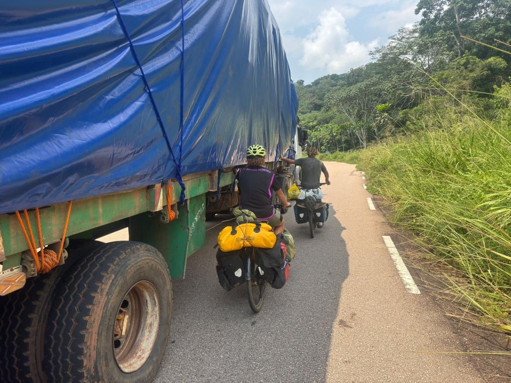 Hinzu kam, dass sich der erste Teil der 60 Kilometer durchaus zog. Es glich weiterhin einer Achterbahnfahrt: Auf, Ab, Auf, Ab. Bis auf wenige, verarmte Dörfer gab’s nichts. Keine Verpflegung, gar nichts. Nur Dschungellandschaft – die grüne Hölle!
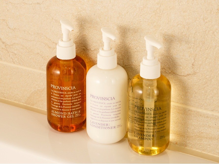 ○ ハンドタオル ○ ボディソープ ○ ドライヤー ○ 温水洗浄トイレ ○ 歯ブラシ・歯磨き粉 ○ 石けん ○ 羽毛布団 ○ くし・ブラシ ○ バスタオル × 浴衣 ○ 髭剃り ○ シャンプー
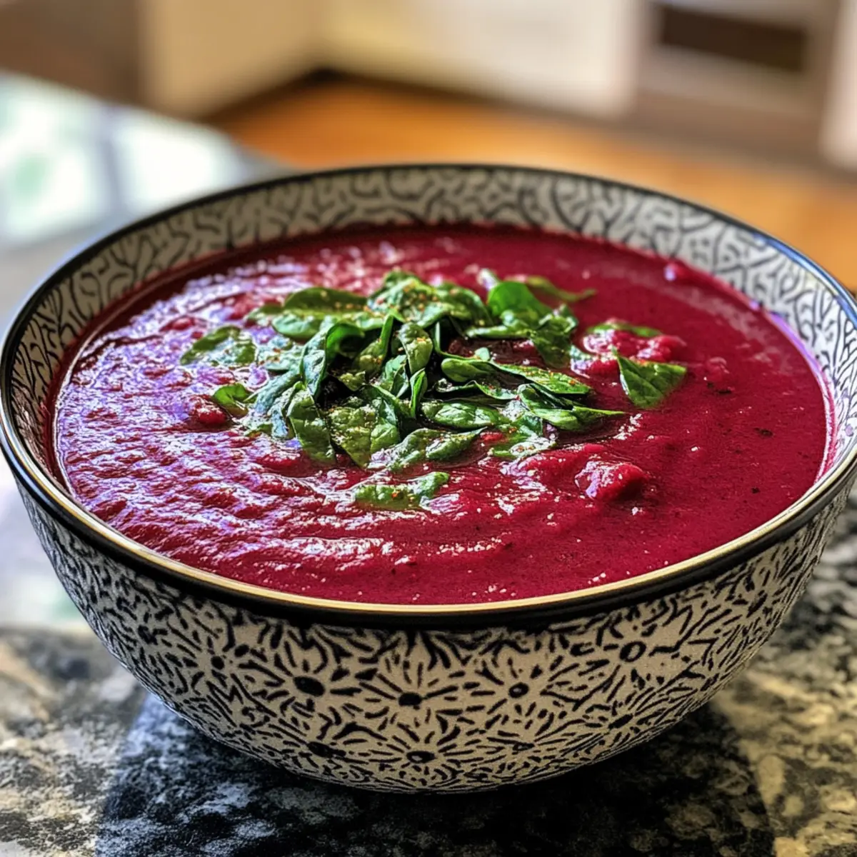 Warm, Nourishing Delight: This vibrant soup combines sweet beets and fresh spinach, creating a hearty and satisfying dish perfect for chilly evenings.
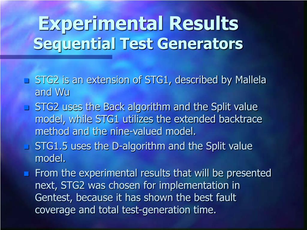 Experimental ResultsSequential Test Generators • STG2 is an extension of STG1, described by Mallela and Wu • STG2 uses the Back algorithm and the Split value model, while STG1 utilizes the extended backtrace method and the nine-valued model. • STG1.5 uses the D-algorithm and the Split value model. • From the experimental results that will be presented next, STG2 was chosen for implementation in Gentest, because it has shown the best fault coverage and total test-generation time.
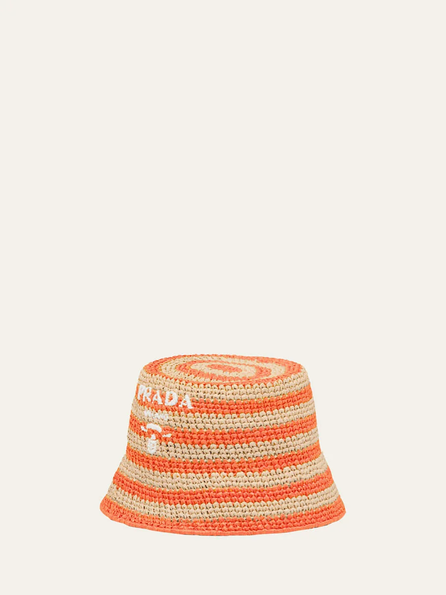 Prada striped bucket hat with woven logo Flat crown Downturned brim Raffia/viscose Made in Italy
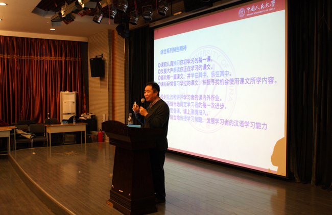 报告中,李泉教授结合自己在美国、德国、法国、英国、西班牙、智利、阿根廷、南非、越南、瑞士、墨西哥、匈牙利等国家任教或短期讲学的经历,以及自己从事汉语国际教育近30年经验,对汉语课堂教学信念进行了深入剖析,指出它在教学中有着重要的作用,是教师知识体系中的核心知识,它决定着教师专业发展的取向。他指出,在核心信念与教师专业发展问题上,学生语言能力的培养是根本目标,高密度、高质量的教学互动是基本方式,注重汉语汉字特点是主要内容。同时,他对核心知识发展取向、核心能力发展取向、核心素养发展取向进行了例示。李泉教授平易近人,语言诙谐幽默,给国际汉语教师们提供了崭新的视角,此次报告对提升学院教师的教学科研水平和研究生的学术能力必将产生积极的影响。

::::

▶ TASK GOAL:
The response is to contain exactly the lines from the beginning of the data through the line containing "髭剃り ○ シャンプー", both ends included, and nothing else; omit the pictures.

▶ RESPONSE TO THE TASK:
 Hinzu kam, dass sich der erste Teil der 60 Kilometer durchaus zog. Es glich weiterhin einer Achterbahnfahrt: Auf, Ab, Auf, Ab. Bis auf wenige, verarmte Dörfer gab’s nichts. Keine Verpflegung, gar nichts. Nur Dschungellandschaft – die grüne Hölle!
 ○ ハンドタオル ○ ボディソープ ○ ドライヤー ○ 温水洗浄トイレ ○ 歯ブラシ・歯磨き粉 ○ 石けん ○ 羽毛布団 ○ くし・ブラシ ○ バスタオル × 浴衣 ○ 髭剃り ○ シャンプー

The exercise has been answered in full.